What you need to do: Return only the lines below starting at the line containing "以 GeneLLM™ 为核心构建的一站式生物科学研究平台" and ending at the line containing "A组:卡塔尔、中国、塔吉克斯坦、黎巴嫩", both included, exactly as they are and with no pictures.

Supplied records:
┌──

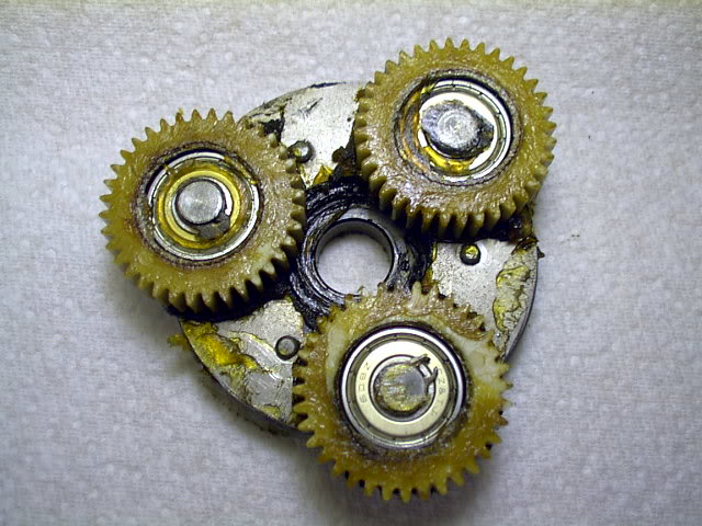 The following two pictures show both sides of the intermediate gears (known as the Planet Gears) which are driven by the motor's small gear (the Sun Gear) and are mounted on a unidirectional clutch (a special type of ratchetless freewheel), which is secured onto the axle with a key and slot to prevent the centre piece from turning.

└──
┌──

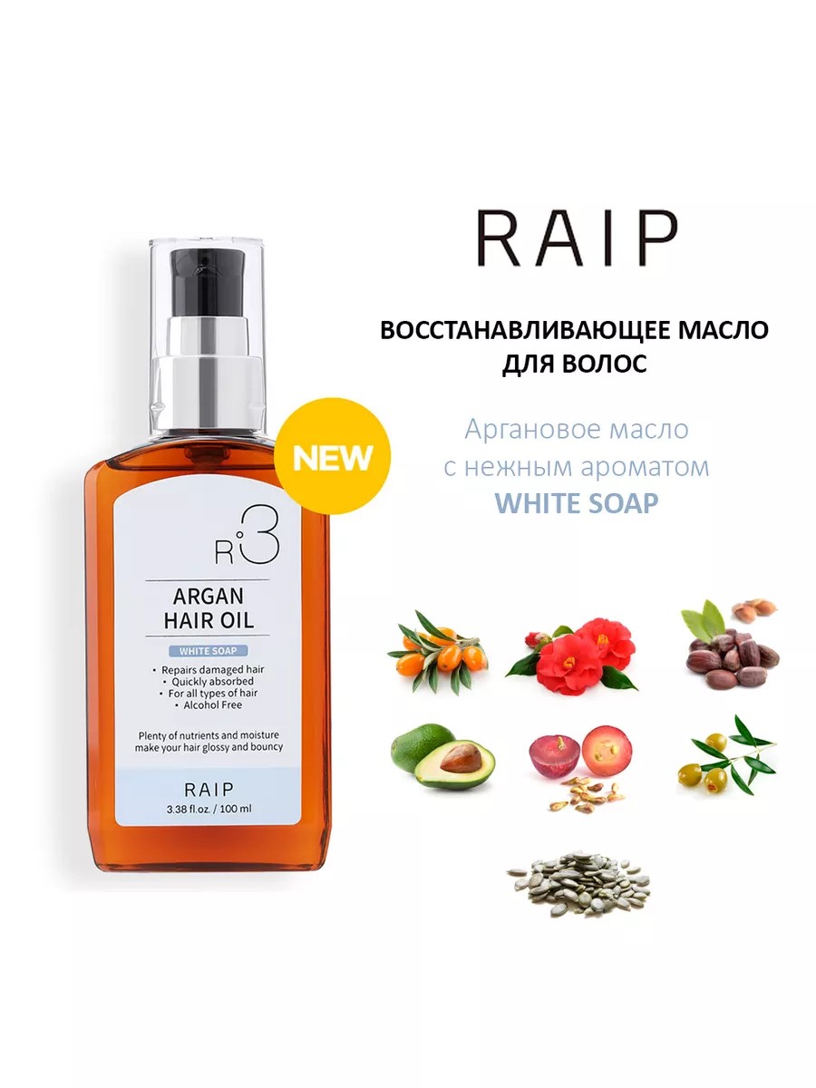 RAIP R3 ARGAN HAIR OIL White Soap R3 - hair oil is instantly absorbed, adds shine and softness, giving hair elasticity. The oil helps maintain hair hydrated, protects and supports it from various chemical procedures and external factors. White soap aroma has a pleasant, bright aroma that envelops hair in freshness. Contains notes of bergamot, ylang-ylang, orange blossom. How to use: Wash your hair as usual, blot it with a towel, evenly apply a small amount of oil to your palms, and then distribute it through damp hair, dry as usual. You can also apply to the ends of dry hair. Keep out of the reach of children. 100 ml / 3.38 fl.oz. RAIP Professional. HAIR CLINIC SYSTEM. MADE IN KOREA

└──
┌──

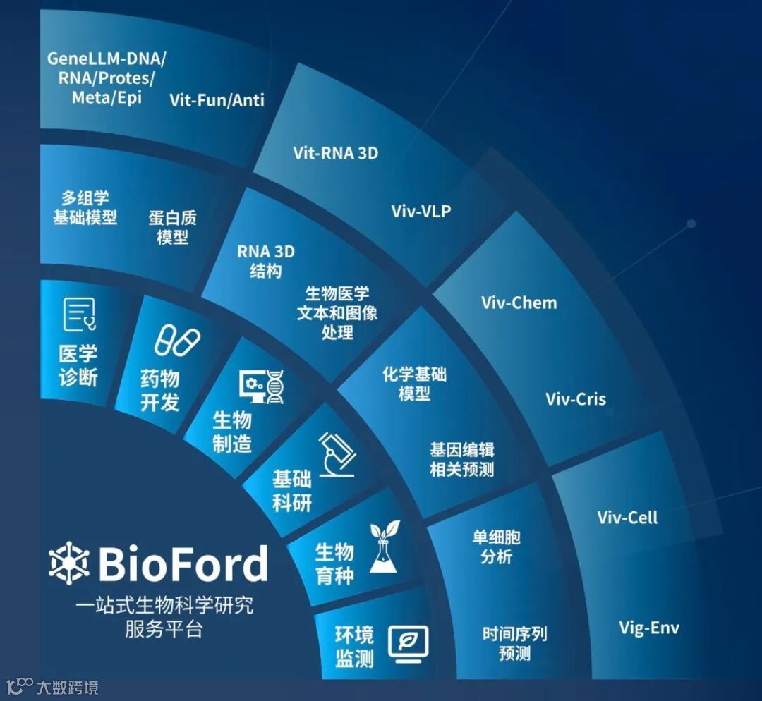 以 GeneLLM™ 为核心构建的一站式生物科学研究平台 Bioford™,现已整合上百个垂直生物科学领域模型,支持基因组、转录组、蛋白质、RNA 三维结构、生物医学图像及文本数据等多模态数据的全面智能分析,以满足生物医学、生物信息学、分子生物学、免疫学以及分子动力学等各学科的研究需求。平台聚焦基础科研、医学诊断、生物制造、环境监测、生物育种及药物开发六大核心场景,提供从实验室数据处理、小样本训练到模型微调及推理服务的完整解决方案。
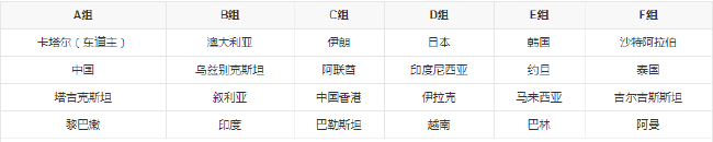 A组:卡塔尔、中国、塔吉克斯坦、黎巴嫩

└──

Response:
 以 GeneLLM™ 为核心构建的一站式生物科学研究平台 Bioford™,现已整合上百个垂直生物科学领域模型,支持基因组、转录组、蛋白质、RNA 三维结构、生物医学图像及文本数据等多模态数据的全面智能分析,以满足生物医学、生物信息学、分子生物学、免疫学以及分子动力学等各学科的研究需求。平台聚焦基础科研、医学诊断、生物制造、环境监测、生物育种及药物开发六大核心场景,提供从实验室数据处理、小样本训练到模型微调及推理服务的完整解决方案。
 A组:卡塔尔、中国、塔吉克斯坦、黎巴嫩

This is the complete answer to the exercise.